§ **PROMPT**
Below are the entries to work from; restate word for word the portion that opens with the line containing "Những hũ chứa" and closes with the line containing "Женский джемпер Liu-Jo", keeping both.

§ **RECORDS TO USE**
^^^^^^^^^^^^^^^^
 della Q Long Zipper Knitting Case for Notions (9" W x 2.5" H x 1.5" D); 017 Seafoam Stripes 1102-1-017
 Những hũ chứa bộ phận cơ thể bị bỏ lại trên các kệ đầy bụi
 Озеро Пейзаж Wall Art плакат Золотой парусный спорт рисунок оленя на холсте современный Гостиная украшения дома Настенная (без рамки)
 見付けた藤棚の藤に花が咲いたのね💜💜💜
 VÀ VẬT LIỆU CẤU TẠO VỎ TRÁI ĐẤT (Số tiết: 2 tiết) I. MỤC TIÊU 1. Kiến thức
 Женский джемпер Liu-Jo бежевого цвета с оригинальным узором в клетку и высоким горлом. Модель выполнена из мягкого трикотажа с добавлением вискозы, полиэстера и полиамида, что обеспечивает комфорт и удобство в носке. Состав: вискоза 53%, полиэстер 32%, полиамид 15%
^^^^^^^^^^^^^^^^
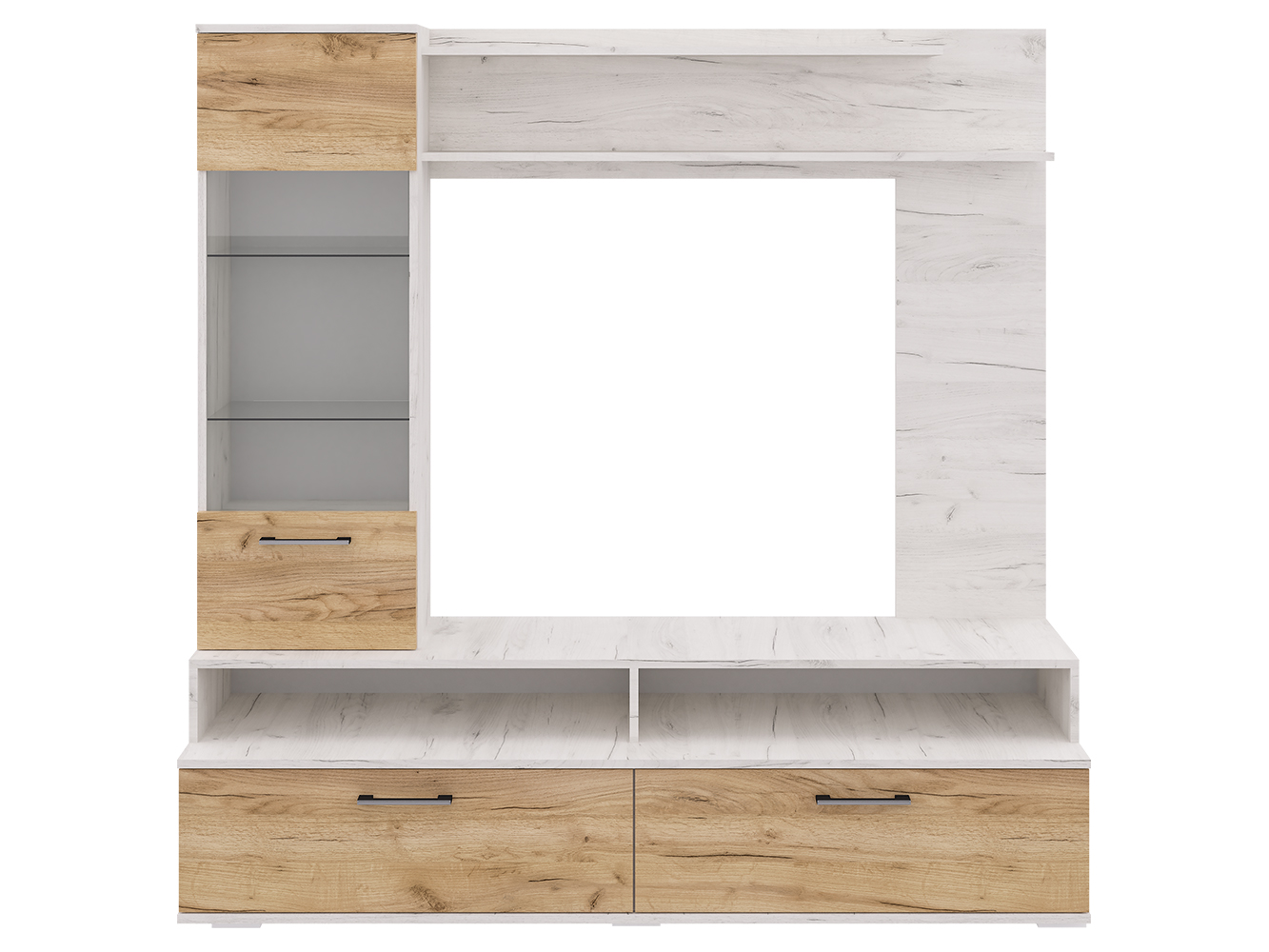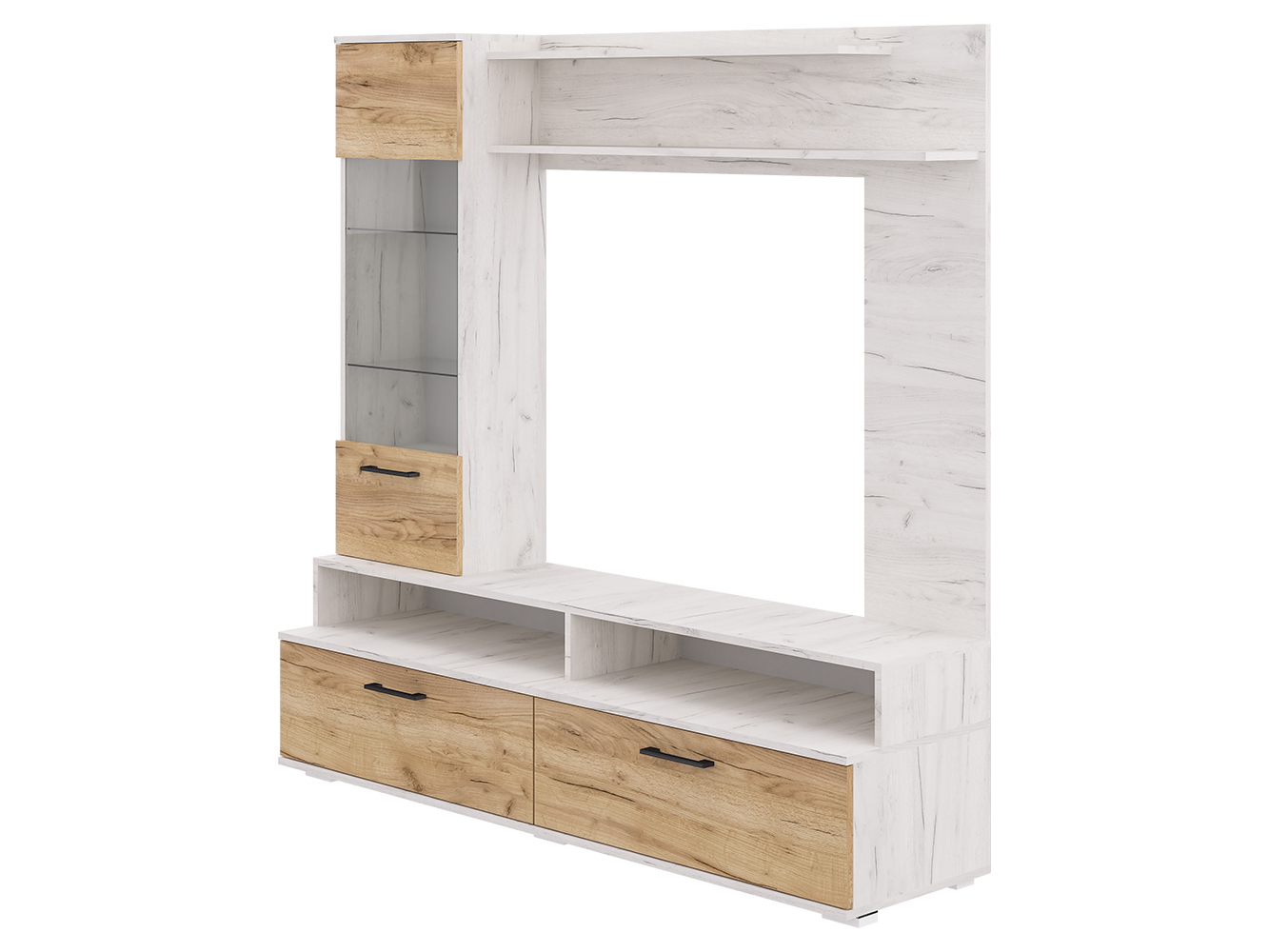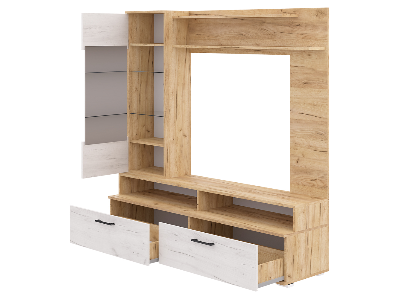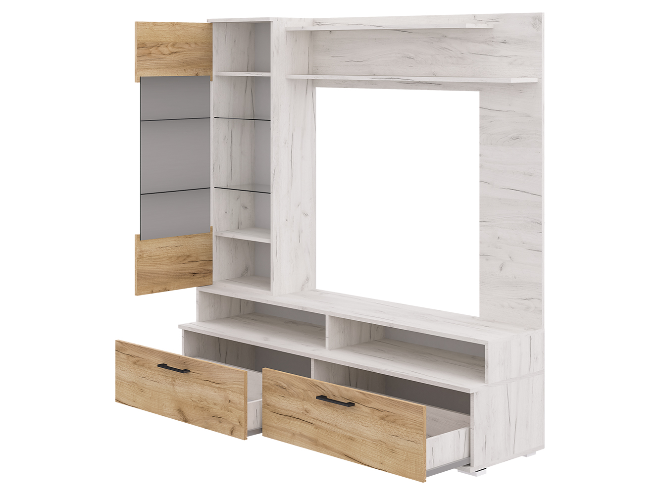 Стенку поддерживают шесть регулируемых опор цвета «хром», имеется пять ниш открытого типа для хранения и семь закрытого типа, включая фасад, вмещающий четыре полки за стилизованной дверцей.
^^^^^^^^^^^^^^^^
§ **ANSWER FOR THE TASK**
 Những hũ chứa bộ phận cơ thể bị bỏ lại trên các kệ đầy bụi
 Озеро Пейзаж Wall Art плакат Золотой парусный спорт рисунок оленя на холсте современный Гостиная украшения дома Настенная (без рамки)
 見付けた藤棚の藤に花が咲いたのね💜💜💜
 VÀ VẬT LIỆU CẤU TẠO VỎ TRÁI ĐẤT (Số tiết: 2 tiết) I. MỤC TIÊU 1. Kiến thức
 Женский джемпер Liu-Jo бежевого цвета с оригинальным узором в клетку и высоким горлом. Модель выполнена из мягкого трикотажа с добавлением вискозы, полиэстера и полиамида, что обеспечивает комфорт и удобство в носке. Состав: вискоза 53%, полиэстер 32%, полиамид 15%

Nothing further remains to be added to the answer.